Now NFL players aren't computer programs or dice, but the same theory applies. And we see these results every year in the NFL. When Drew Brees (yes, that guy) threw for 5,476 yards in 2011, we didn't project him to do the same in 2012 because we know his true ability isn't 5500 yards per season. To reach such a ridiculous result, a good bit of "luck" had to be involved.   I put that word in quotes because I mean more than just luck in the general sense: things like falling behind early and needing to pass, or playing weak pass defenses, or having your supporting cast stay healthy all fall in the category of "luck," too.  If a player has a monster season, he: a) is an excellent player b) had some luck in getting there (e.g., getting and staying hot); and c) had other things fall into place, too (strength of schedule, game script, health, etc.). And only one of those traits is likely to be there the next season.

This isn't just theory.  From 1990 to 2011, there were 407 quarterbacks that played in at least 10 games in a season (Year N), averaged at least 125 passing yards per game, and then played in at least 10 games in the next season (Year N+1).  I grouped the quarterbacks into ranges and placed them into the table below.  For example, 44 different quarterbacks averaged at least 150 but fewer than 175 yards per game in Year N.  On average, that group averaged 165 yards per game; in Year N+1, they averaged 178 yards per game.  That's regression to the mean at work.
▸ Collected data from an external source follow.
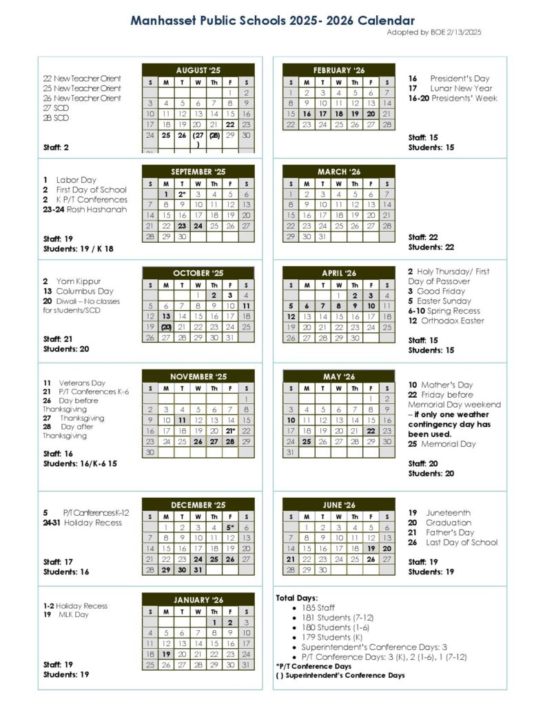 Check out the preview of Manhasset Schools Calendar below for the academic year 2025-2026. A school calendar contains the official academic schedule for this academic year, so keep a check on it and plan your personal schedule accordingly. A school calendar is important for students, parents, teachers, and staff. Make sure to download and print your school calendar and start planning for important dates.
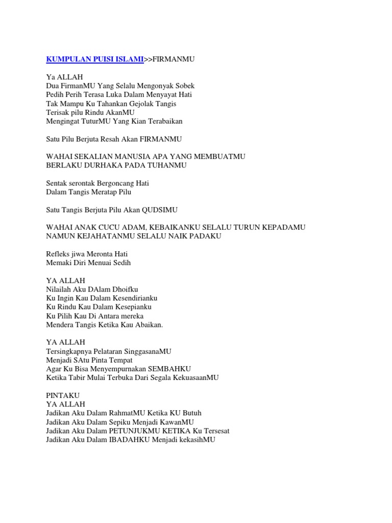 Kumpulan puisi islam teater gress surabaya jun 13 2008 - kumpulan puisi islam. Puisi islami hampir sama seperti puisi pada umumnya yang membedakannya hanya pada temanya. Kumpulan Puisi Islami Lengkap is in the category of Books Reference.
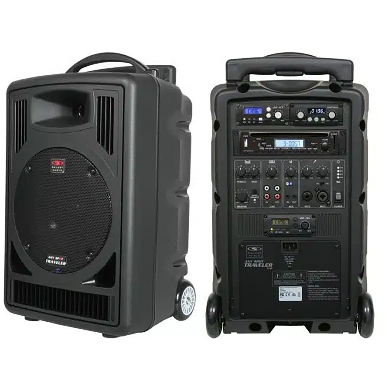 Designed smaller and lighter than the TV10, the Galaxy Audio TV8, the durable ABS enclosure still includes a convenient carry handle, retractable handle, wheels for easy transportation, and a provision for standard pole mounting with a locking mechanism. The Traveler is designed for people who need a portable, lightweight, "all in one" PA system that allows for a quick and uncomplicated setup.
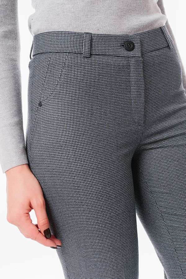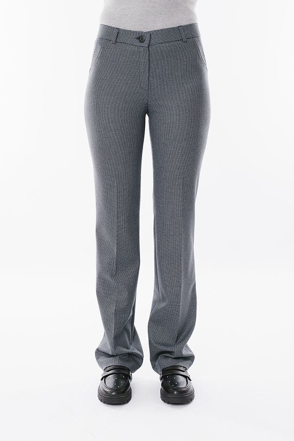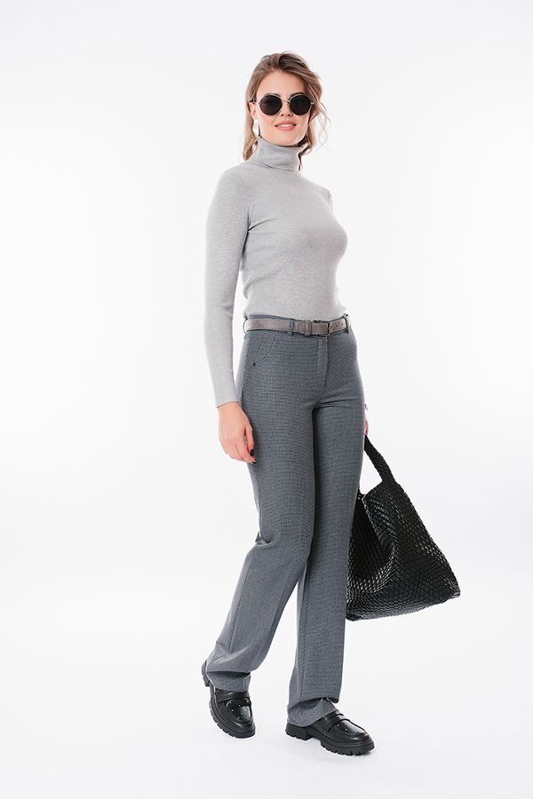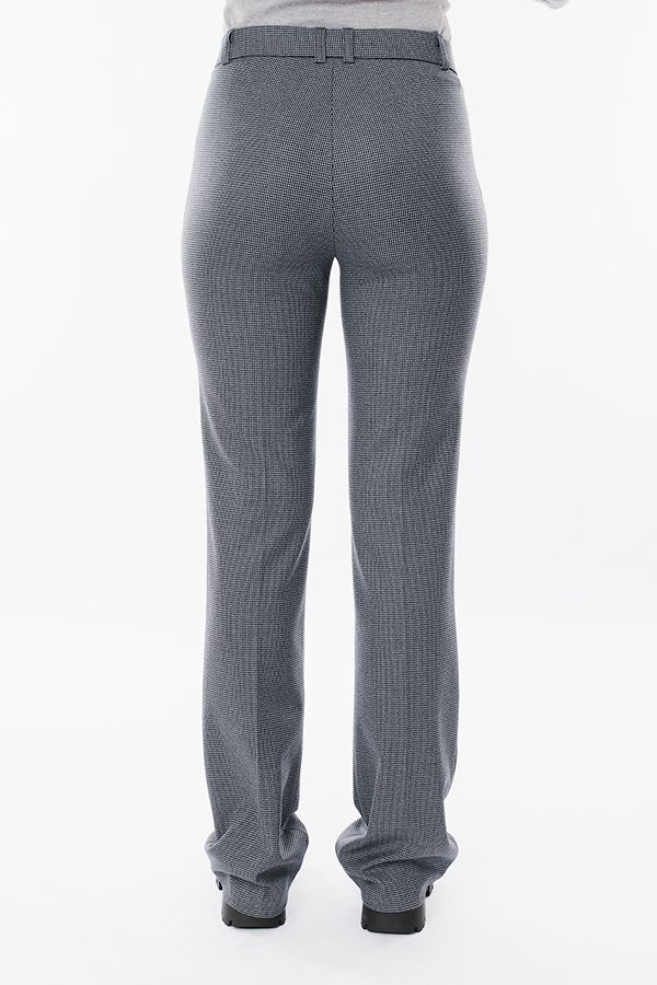 Брюки в классическом стиле со стрелками из ткани в гусиню лапку. Силуэт прямой. Детали: спереди застежка на молнию и пуговицу, имитация боковых карманов, в поясе резина, на поясе шлевки Модель брюк подходит женщинам всех возрастов. Длина по внутреннему шву - 84 см. Ширина низа - 22 см.Числовые параметры соответствуют размеру 46 Размер модели на фото: 44. Параметры модели: 86-63-94. Рост модели на фото: 173 см.
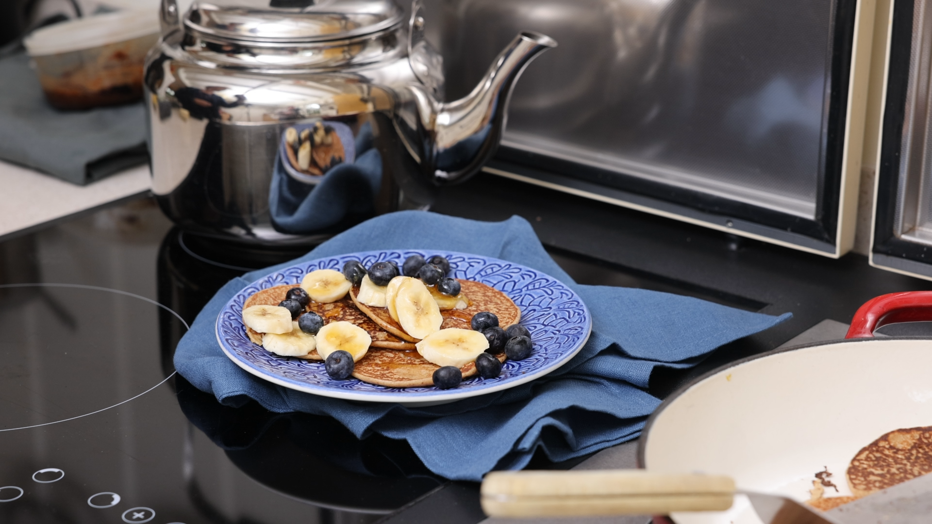 Serveren Stapel de warme pannenkoekjes op borden en garneer met ahornsiroop, verse blauwe bessen en banaanplakjes.

Range# QBsYr N AvgYr N+1 Avg
125-149 9 140 159
150-174 44 165 178
175-199 74 188 197
200-224 114 211 211
225-249 83 236 233
250-274 51 260 252
275-299 24 284 260
300-324 6 312 286
325+ 2 335 313

Or, if you are more graphically inclined, take a look at the same data:

The N+1 data resembles the Year N data, but you can see that passing yards "regress" for the high totals and increase for the low totals. And some, if not most, of that convergence can be explained by regression to the mean. No one likes to attribute incredible success to luck, but it plays a much bigger role in sports than we tend to remember.

I'll close with one non-quarterback example.  Since 1970, 376 running backs have recorded at least 200 carries in consecutive years for the same team. I grouped those running backs into ranges based on their average yards per carry gain and placed them into the table below.  For example, 23 running backs averaged fewer than 3.5 yards per carry in Year N.  On average, that group produced a 3.35 yards per carry average in Year N and a 3.94 YPC average in Year N+1.  That's regression to the mean, which impacts both really high and really low statistical outliers.

Category# RBYr N YPCYr N+1 YPC
3.5 or less 23 3.35 3.94
3.5-3.75 27 3.66 3.9
3.75-4.00 67 3.89 3.97
4-4.25 62 4.13 4.12
4.25-4.5 68 4.36 4.23
4.5-4.75 51 4.62 4.36
4.75-5.00 40 4.85 4.36
5.00+ 38 5.34 4.53

Here's how that data looks on a graph:

If a running back has a really high or really low yards per carry average, chances are there are many things outside of his control influencing that number.  Regression to the mean tells us not to count on those events to repeat themselves the next year.